Morcheeba Talks About the Future

q&a

Posted Jan 22, 1999 12:00 AM

Morcheeba glided onto American airwaves three years ago with the release of their elegantly damaged Who Can You Trust. As graceful and dusky as a breezy summer evening, the Dover, England-based trio whipped up a deliciously edgy cocktail of blues-infused hip-hop, tripped-out soundscapes, and simple balladry, with liberal dashes of pedal steel, French horns, strings, sitars, and psychedelic bass lines. |


The band's second offering, aptly titled Big Calm, moved the threesome beyond its original trip-hop roots. This time out, Morcheeba's eccentric mix recalled rock's zenith, summoning the ghosts of both Led Zeppelin II and Cream's Disraeli Gears. That's not to say the band has abandoned its sophisticated, laid-back styling; it's just suffused it with a few sleight-of-hand tricks.

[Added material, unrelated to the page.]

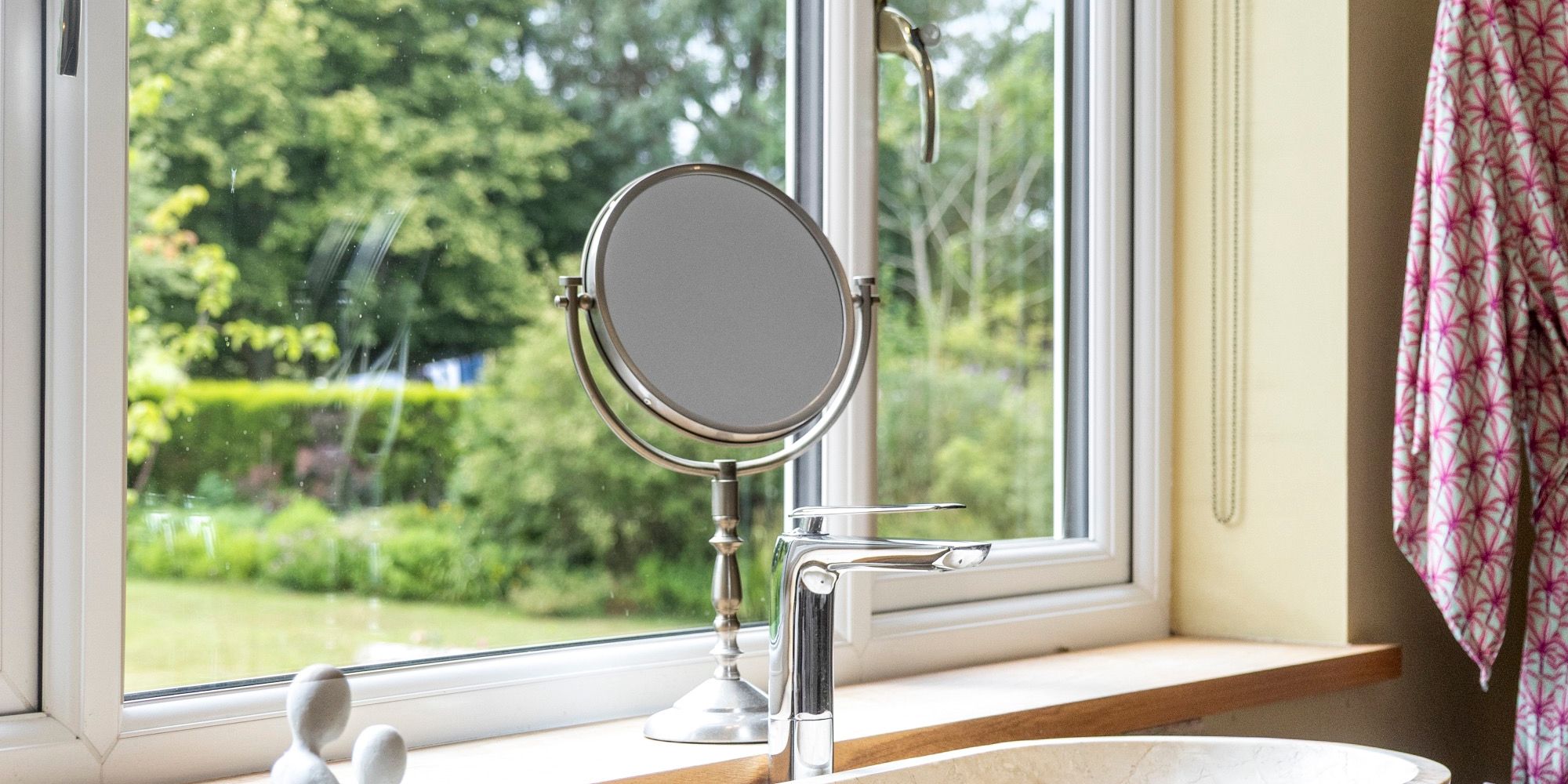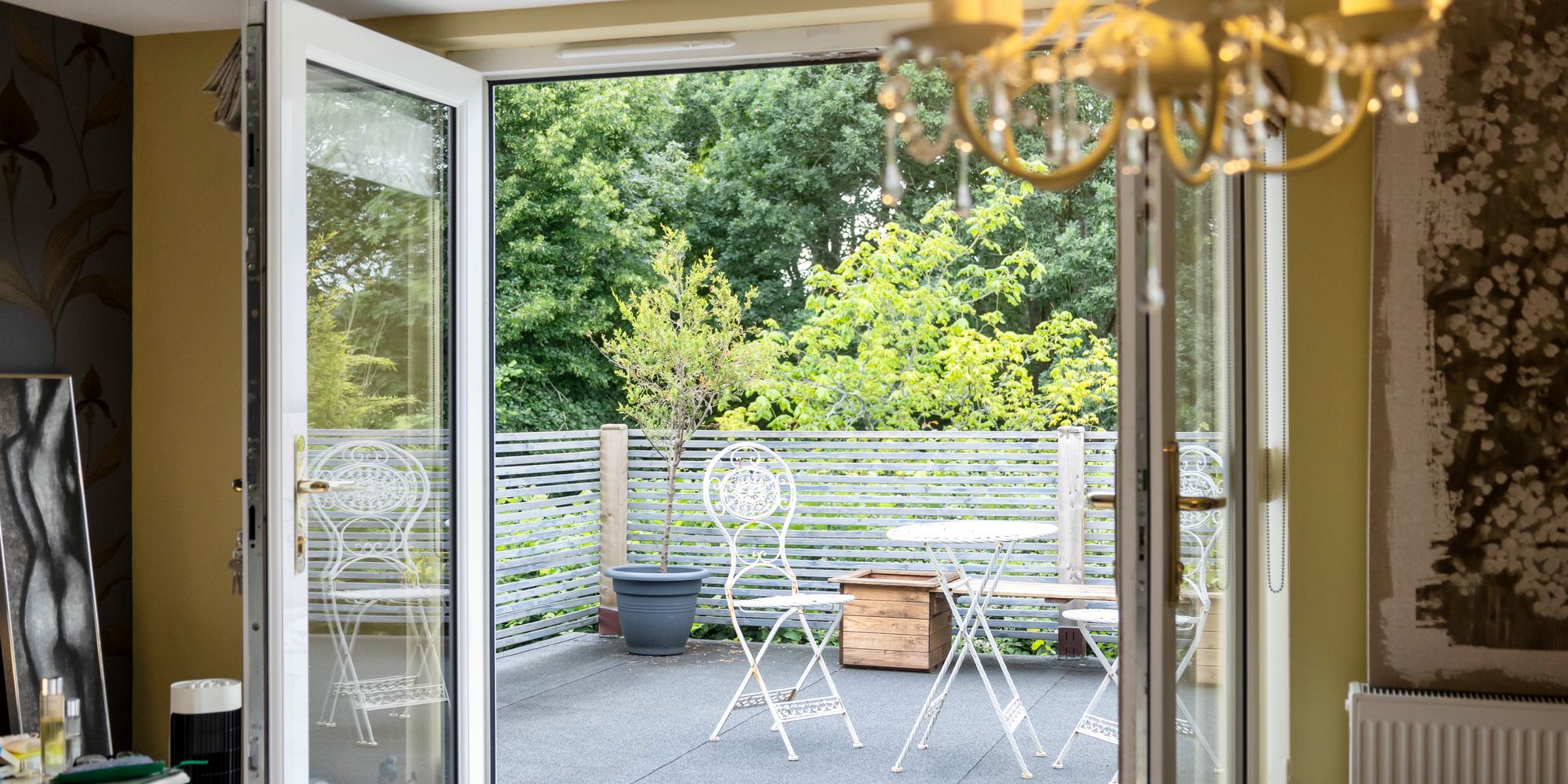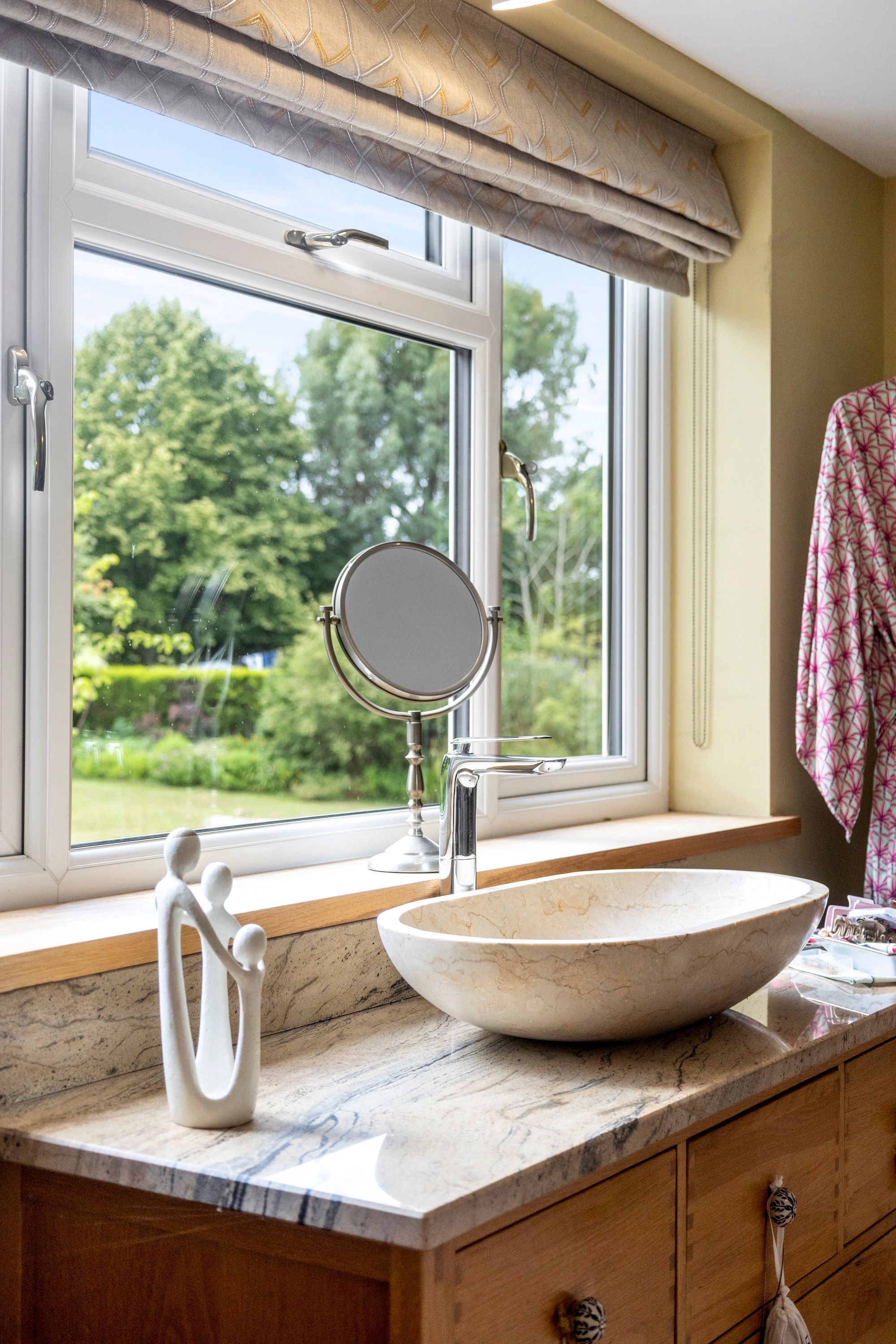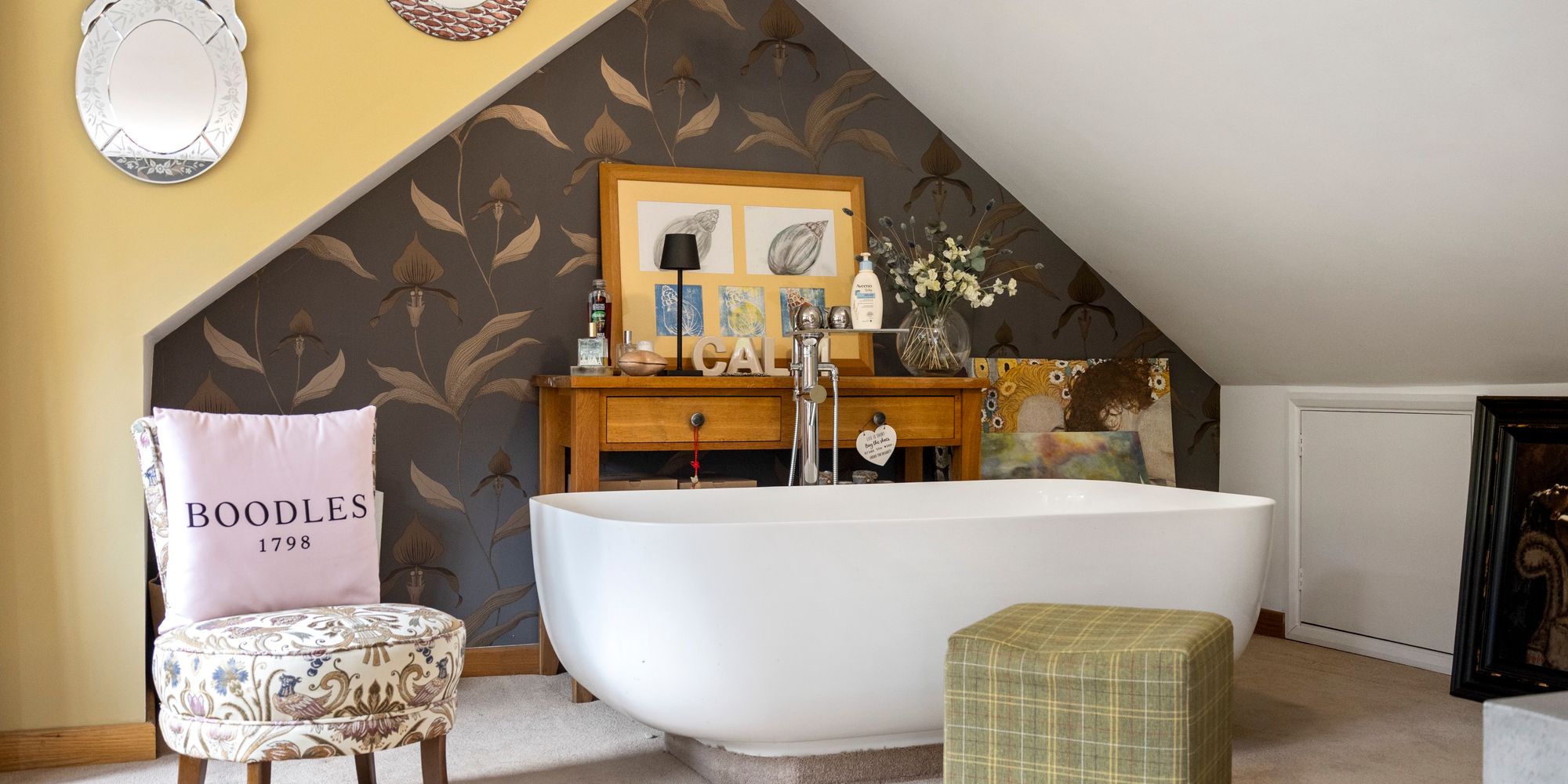 Upstairs, the main bedroom feels like a boutique hotel suite, with an open-plan bath and sink area, soft-close fitted wardrobes, additional eaves storage, and a large private balcony that offers tranquil views over the gardens—an ideal spot for morning coffee or quiet evenings.

Songwriter/beatmeister Paul Godfrey's brutally honest songs are the perfect grist for singer Skye Edwards' detached, drop-dead delivery. This honesty may be the key to Morcheeba's success -- both in the artless observations about life, love, and loss, and in the unapologetic paranoia that is shot through such songs as "The Sea," "Fear and Love," and "Shoulder Holster," the beloved step-sister to 1996's Trigger Hippie.


Having just tied up a relentless ten-month tour, which brought them to American shores twice, Morcheeba's finally got some down time before beginning their third album this summer. Or so they say. The band's spokesperson said that the group may be forced to rethink its schedule, since so many high-profile tours have been tossed its way. But with fans like Madonna, Fiona Apple, and k.d. lang, that's no surprise. The Rolling Stone Network spoke with Godfrey and Edwards during their short breather about the stress of the road and what's up ahead.


You were on the road for ten months last year. What's Morcheeba up to now?


Paul Godfrey: We're just relaxing. We're not in the studio right now, although we were just in recording a song for a film. It's a Tommy James cover called "Crystal Blue Persuasion" for a movie called Walk On the Moon. I'm also getting married.


You've had a good year.


With so much work and so much praise, it was really good. Things are really starting to happen now. But it was a year of touring for me. We did ten months straight and we all went insane. Ross [Godfrey; Paul's brother and Morcheeba's guitarist] was nearly crippled, I went mad, and we all fell out. It was a real tour-madness tour. We're talking to people about starting our own publishing and record company. I want to get more involved in that kind of thing. I feel like a bit of a lemon on the road, because I never have enough to do -- there's just no real life. There's nothing really to write about because I'm not listening to ordinary people, normal people, which tend to be more inspiring than anyone you meet in the business.


What about the next album? Have you started working on your follow-up to Big Calm?


We're not going to start a proper album until the summer. We put out that instrumental thing, Beats & B-sides, late last year, repackaging it with our first album, Who Can You Trust, but there probably won' be a new Morcheeba album until 2000.


Skye, tell me about the tour.


It was quite intense, going around Europe, America two times, back to Europe, and the U.K. It was just really difficult, we only got one week off for a holiday. I was quite stressed. We all started losing it. Ross twisted his back from the way he holds his guitar. He had to see an acupuncturist every other day. We were all happy when it ended.


Are you still considering doing a solo album for Paul and Ross' label?


They were talking about getting their own label and publishing company together. I have a few songs I'd written years and years ago, before Morcheeba, and I bought myself a little four-track. After the children are in bed, I kind of strum a guitar, and I'm getting some stuff down. So perhaps it will happen sooner than later.


I've noticed on your last tour of the U.S., you'd seem to have come out of shell and were more comfortable in front of an audience.


Yes, I think I was. It's just from performing so much -- three, four nights in a row.


What did you do to stay sane?


We stayed out of each other's ways. My savior was my mobile phone. I called all my friends back in the U.K. Plus we had two buses -- a girl bus and a boy bus. Our tour manager is a woman, and it was me, Jennifer [the stylist and future wife of Paul], and the kids. It was lovely.